Show using the definition of limit that $$\lim _{(x,y)\to(0,1)}\frac{x^2-y^2}{x^2+y^2} = -1$$ and $$\lim_{ (x,y)\to(0,0)}\frac{ (1-\cos(xy))\sin y}{(x^2+y^2) }= 0$$
Definition of limit:
$\lim_{(x,y)\to(a,b)} f(x,y) =L$ if and only if for every $\epsilon >0$ exist $\delta>0$ such that if $((x-a)^2+(y-b)^2)^{1/2}<\delta$ then $|f(x,y)-L|<\epsilon$.
We give more or less full detail for the first problem, and treat the second problem more casually. Let $\epsilon\gt 0$ be given. Note that $$\left|\frac{x^2-y^2}{x^2+y^2}-(-1)\right|=\frac{2x^2}{x^2+y^2}.\tag{1}$$
Suppose that $\delta\le \frac{1}{2}$. We will need to put additional conditions on $\delta$ later.
If $\sqrt{(x-0)^2+(y-1)^2}\lt \delta$, then $(y-1)^2\lt \frac{1}{4}$ and therefore $|y-1|\lt \frac{1}{2}$. It follows that $y\gt \frac{1}{2}$. Thus $y^2\gt \frac{1}{4}$, and therefore $\frac{1}{x^2+y^2}\lt 4$. It follows that $\frac{2x^2}{x^2+y^2}\lt 8x^2$.
We want to make sure that $8x^2\lt \epsilon$. Note that $\sqrt{x^2+(y-1)^2}\gt |x|$. So if $\sqrt{x^2+(y-1)^2}\lt \frac{\sqrt{\epsilon}}{\sqrt{8}}$, then $x^2\lt \frac{\epsilon}{8}$, and therefore $8x^2\lt \epsilon$.
So if we set $\delta=\min(1/2,\sqrt{\epsilon}/\sqrt{8})$, then if $\sqrt{x^2+(y-1)^2}\lt \delta$ then the expression on the left side of (1) will be less than $\epsilon$.
For the second problem, we just mention the basic strategy.

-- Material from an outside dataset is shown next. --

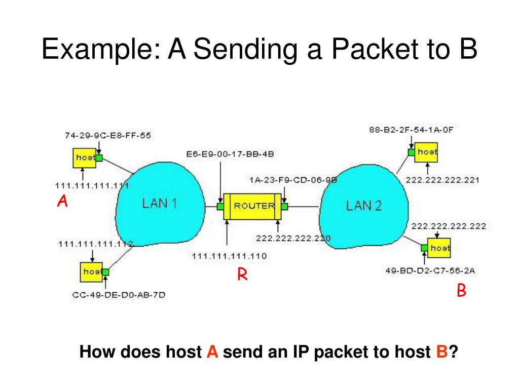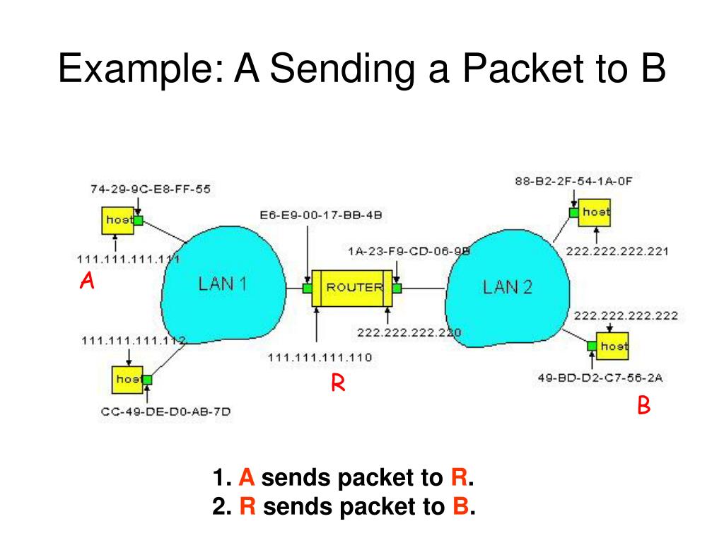 Example: A Sending a Packet to B A R B 1. A sends packet to R.2. R sends packet to B.

We are interested in the absolute value of $\frac{(1-\cos(xy))\sin y}{x^2+y^2}$. Multiply top and bottm by $1+\cos(xy)$, and use the fact that $|\sin t|\le t$. We get that $$\left|\frac{(1-\cos(xy))\sin y}{x^2+y^2}\right|\le \frac{(x^2y^2)|y|}{(|1+\cos(xy)|)(x^2+y^2)}.$$
Now if $\sqrt{x^2+y^2}$ is small enough (and it doesn't have to be very small!) we have $1+\cos(xy)\gt 1$. Also, since $(x-y)^2\ge 0$, we have $\frac{|xy|}{x^2+y^2}\le \frac{1}{2}$ unless $(x,y)=(0,0)$. The $\epsilon$ stuff should now be straightforward. There is a lot of slack. Even if $1-\cos(xy)$ is replaced by its square root, the limit is $0$.